Information provided:

- - -

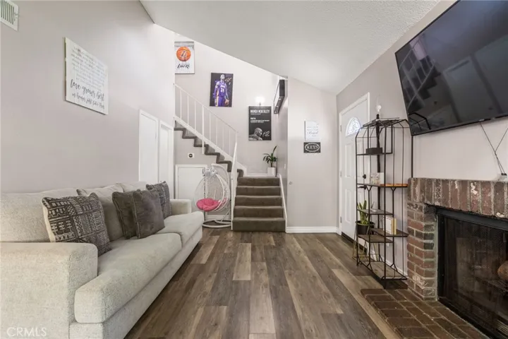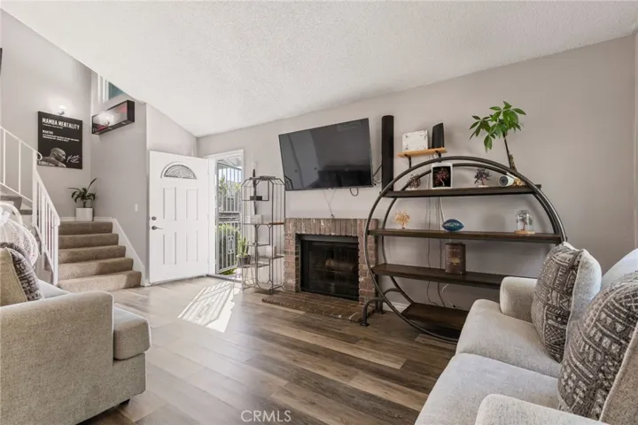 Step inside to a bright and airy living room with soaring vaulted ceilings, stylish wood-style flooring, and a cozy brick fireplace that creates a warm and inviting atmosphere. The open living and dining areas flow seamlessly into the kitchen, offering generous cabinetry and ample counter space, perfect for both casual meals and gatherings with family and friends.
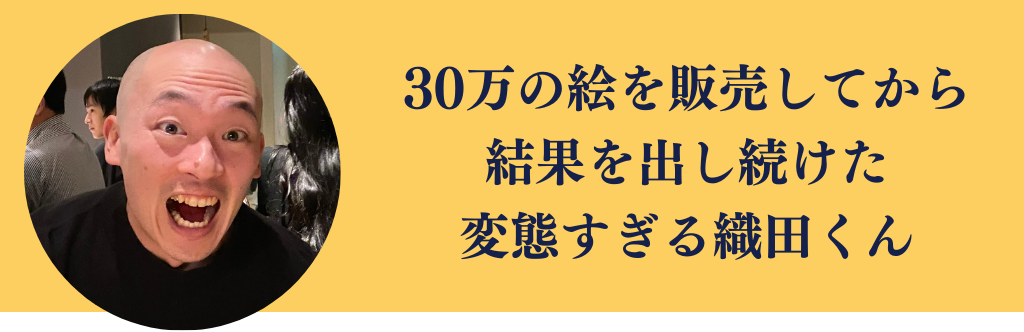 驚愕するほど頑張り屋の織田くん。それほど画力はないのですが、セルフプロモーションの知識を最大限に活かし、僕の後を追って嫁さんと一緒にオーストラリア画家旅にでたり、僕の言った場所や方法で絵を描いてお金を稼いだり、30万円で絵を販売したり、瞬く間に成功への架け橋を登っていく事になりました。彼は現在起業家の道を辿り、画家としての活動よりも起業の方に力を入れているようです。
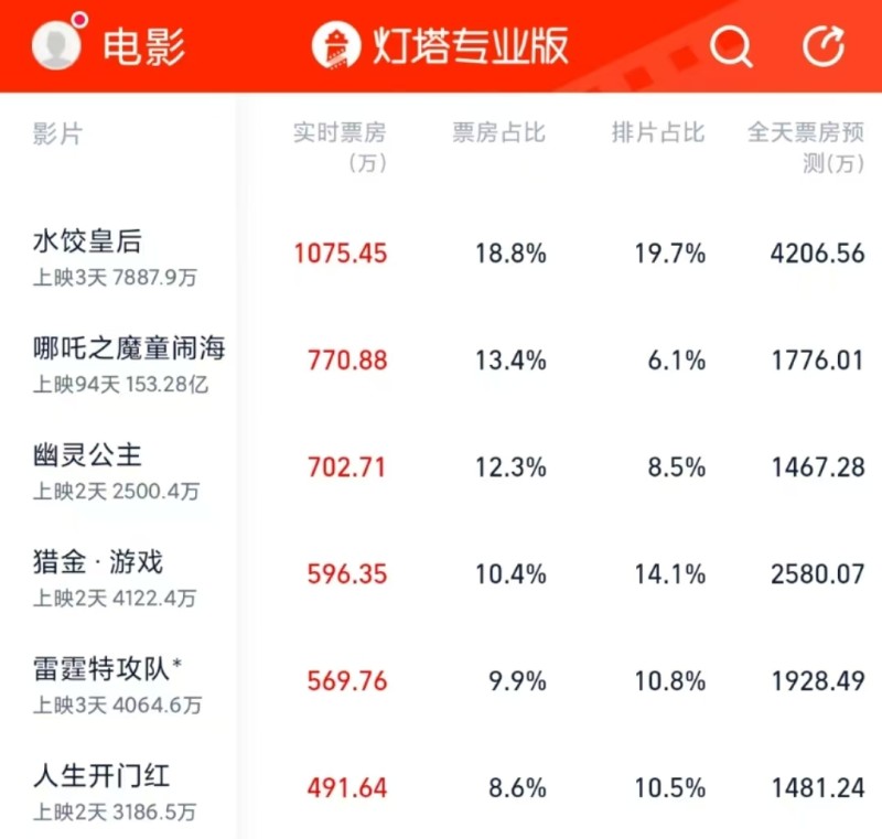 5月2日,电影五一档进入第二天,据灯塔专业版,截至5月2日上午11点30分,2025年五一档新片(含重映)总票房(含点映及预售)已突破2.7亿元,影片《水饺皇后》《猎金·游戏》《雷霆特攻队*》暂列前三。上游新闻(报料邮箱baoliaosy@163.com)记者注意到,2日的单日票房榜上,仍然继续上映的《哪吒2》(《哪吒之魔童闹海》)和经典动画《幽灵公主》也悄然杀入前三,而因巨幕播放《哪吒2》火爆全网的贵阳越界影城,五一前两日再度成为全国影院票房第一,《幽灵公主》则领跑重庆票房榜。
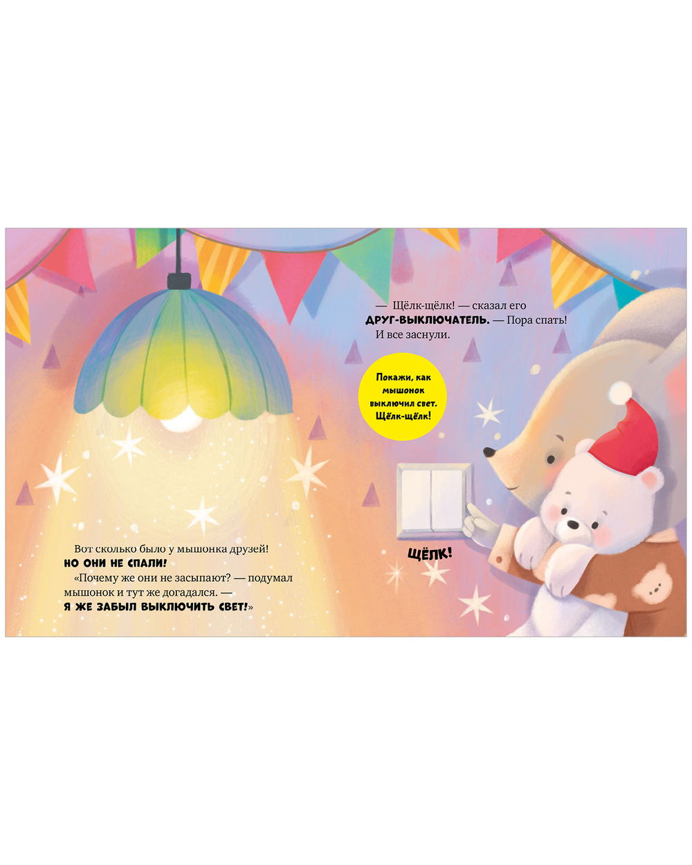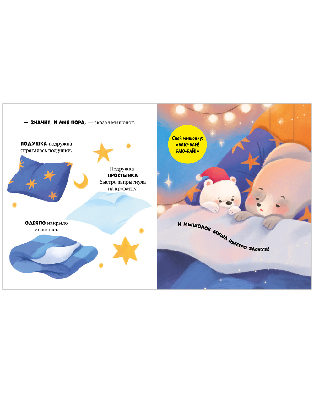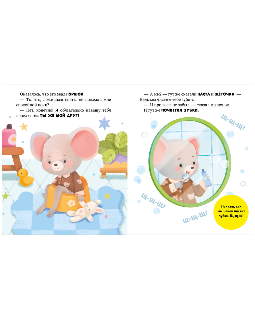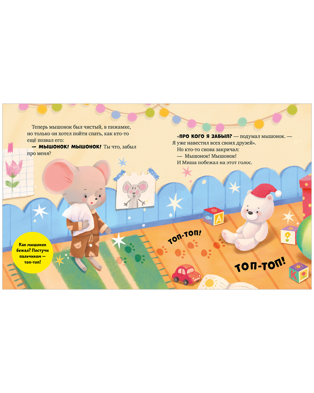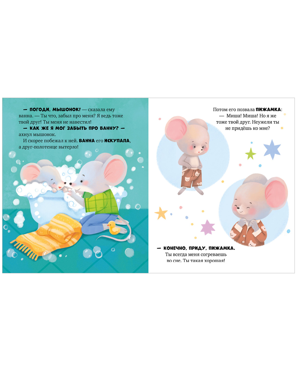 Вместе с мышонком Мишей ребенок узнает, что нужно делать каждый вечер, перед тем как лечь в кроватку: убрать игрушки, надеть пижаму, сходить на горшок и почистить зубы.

- - -

What is being asked: Nothing but the pictures should be left out when the listing above is transcribed.

Written answer:
 Step inside to a bright and airy living room with soaring vaulted ceilings, stylish wood-style flooring, and a cozy brick fireplace that creates a warm and inviting atmosphere. The open living and dining areas flow seamlessly into the kitchen, offering generous cabinetry and ample counter space, perfect for both casual meals and gatherings with family and friends.
 驚愕するほど頑張り屋の織田くん。それほど画力はないのですが、セルフプロモーションの知識を最大限に活かし、僕の後を追って嫁さんと一緒にオーストラリア画家旅にでたり、僕の言った場所や方法で絵を描いてお金を稼いだり、30万円で絵を販売したり、瞬く間に成功への架け橋を登っていく事になりました。彼は現在起業家の道を辿り、画家としての活動よりも起業の方に力を入れているようです。
 5月2日,电影五一档进入第二天,据灯塔专业版,截至5月2日上午11点30分,2025年五一档新片(含重映)总票房(含点映及预售)已突破2.7亿元,影片《水饺皇后》《猎金·游戏》《雷霆特攻队*》暂列前三。上游新闻(报料邮箱baoliaosy@163.com)记者注意到,2日的单日票房榜上,仍然继续上映的《哪吒2》(《哪吒之魔童闹海》)和经典动画《幽灵公主》也悄然杀入前三,而因巨幕播放《哪吒2》火爆全网的贵阳越界影城,五一前两日再度成为全国影院票房第一,《幽灵公主》则领跑重庆票房榜。
 Вместе с мышонком Мишей ребенок узнает, что нужно делать каждый вечер, перед тем как лечь в кроватку: убрать игрушки, надеть пижаму, сходить на горшок и почистить зубы.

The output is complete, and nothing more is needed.